Key Experimental Results¶

Main Results¶

A total of 376 evaluations covering a comprehensive comparison across models, strategies, and baselines.

Model Performance Comparison (averaged over all strategies):

Model	Avg. Speedup	Best Speedup	Analysis Quality	Response Time
gemma3:1b	6.2x	38.7x	0.78	12.3s
llama3.2:1b	6.8x	41.2x	0.82	15.7s
qwen2.5:1.5b	7.2x	43.25x	0.85	18.9s

Inference Strategy Comparison (averaged over all models):

Strategy	Avg. Speedup	Success Rate	Quality Score
Tree of Thoughts	7.1x	88%	0.84
Chain of Thought	6.9x	85%	0.81
ReAct	6.7x	83%	0.79
Zero-shot	5.8x	78%	0.72

Comparison with Advanced Compiler Baselines:

Method	Avg.
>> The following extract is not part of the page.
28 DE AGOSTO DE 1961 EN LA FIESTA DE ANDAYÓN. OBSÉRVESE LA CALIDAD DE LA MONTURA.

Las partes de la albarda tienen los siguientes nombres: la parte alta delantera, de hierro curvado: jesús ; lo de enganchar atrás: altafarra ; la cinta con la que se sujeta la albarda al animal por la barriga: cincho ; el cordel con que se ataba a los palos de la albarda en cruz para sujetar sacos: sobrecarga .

Speedup	Best Performance	GPU Support
LLM (qwen2.5+ToT)	7.1x	Conv 43.25x	Yes
LLVM Polly	5.8x	MatMul 8.2x	No
TVM	7.4x	Conv 11.2x	Yes
Triton	8.9x	Attn 13.7x	Yes

Ablation Study¶

Scalability (matrix multiplication): LLM speedup grows from 4.2x at size 1K to 13.1x at size 16K, consistently outperforming LLVM Polly.
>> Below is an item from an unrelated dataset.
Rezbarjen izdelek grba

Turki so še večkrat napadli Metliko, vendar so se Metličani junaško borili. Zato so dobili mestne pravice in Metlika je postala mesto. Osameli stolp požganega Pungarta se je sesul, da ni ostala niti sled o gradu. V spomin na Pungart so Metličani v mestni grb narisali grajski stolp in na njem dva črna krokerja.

Correctness verification: LLM-ToT achieves a validation rate of 88%, race-freedom of 91%, and memory safety of 94%—lower than LLVM Polly (95%/97%/98%) but still reliable.

Key Findings¶

Inference strategy matters more than model scale: ToT consistently yields the best results.
LLMs generalize better than domain-specific tools: more consistent performance across domains.
Small models are sufficient: average speedup surpasses both LLVM Polly and GCC.
Generated code scales well: performance improves steadily with input size and core count.

Highlights & Insights¶

Small model potential is underestimated: 1B-scale models perform strongly on structured compiler tasks.
The inference framework is the key lever: ToT yields a 22% speedup improvement over Zero-shot.
Safety guarantees are well-designed: incorrect parallelizations are automatically intercepted.
Compiler integration is feasible: latency of 12–19s is acceptable for offline optimization.
Strong cross-platform compatibility: compilation success rates of 98% on GCC and 96% on Clang.
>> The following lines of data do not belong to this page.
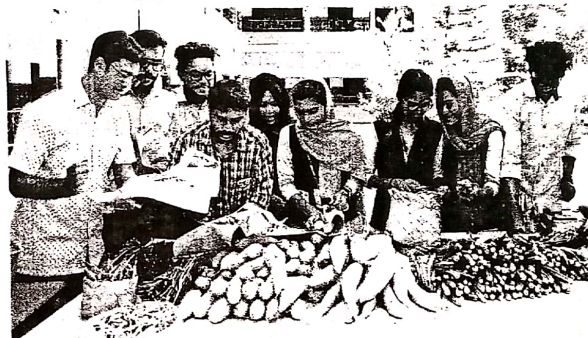
ക്യാമ്പസിൽ ഉൽപാദിപ്പിച്ച ലൈവ് പച്ചക്കറികളുമായി എടത്തല അൽ അമീൻ കോളജ് വിദ്യാർത്ഥികൾ.

■ അധികമാകാതെ ജീവകാരുണ്യം ആശുപത്രിയ്ക്കു വേണ്ടതിനേക്കാളധികം പച്ച
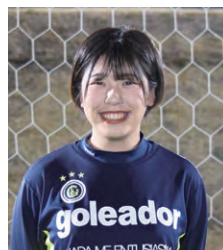
澤キャプテンインタビュー（経営学部3年）

大学内外に【城西大学体育会サッカー部女子部門】の活動を知って頂くことを目標にしております。来年度から、関東大学女子リーグに加盟出来れば、多くの方々にも存在を知って頂けることと思います。文武両道を実践し、競技力向上だけでなく、充実したキャンパスライフを過ごしながら、学生の将来を豊かに出来るような活動をアピールしていくことが目標です。
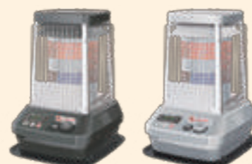
メタリックグレー(H) JANコード:4951272 025467 プラチナシルバー(S) JANコード:4951272 025450
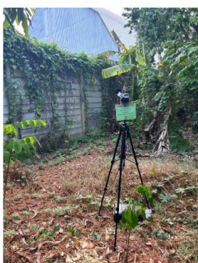
บ้านที่ติดโรงงานมากที่สุดทางทิศใต้ของโรงไฟฟ้า

Limitations & Future Work¶

High compilation latency: 18.9s far exceeds the 2–4s of traditional compilers, precluding JIT use.
Correctness gap: 88% falls short of the 95% achieved by traditional compilers.
Dependence on prompt engineering: effectiveness is highly sensitive to code abstraction and prompt design.
Limited evaluation scope: only 11 kernels are evaluated.
Workshop paper: methodological details are insufficiently elaborated.

LLVM Polly: polyhedral model auto-parallelization baseline.
TVM / Triton: domain-specific compilation optimization.
Tree of Thoughts (Yao et al., 2023): multi-path reasoning strategy.
Future directions: verifier-in-the-loop feedback, multi-hardware backends, multi-language extension.

Rating¶

⭐⭐⭐⭐ (3.5/5)

Novelty ⭐⭐⭐⭐: using small models as compiler experts is an interesting and practical direction.
Experimental Thoroughness ⭐⭐⭐⭐: 376 evaluations provide broad coverage.
Methodological Depth ⭐⭐⭐: limited by workshop paper length constraints.
Value ⭐⭐⭐⭐: provides a clear pathway for integrating compilers with LLMs.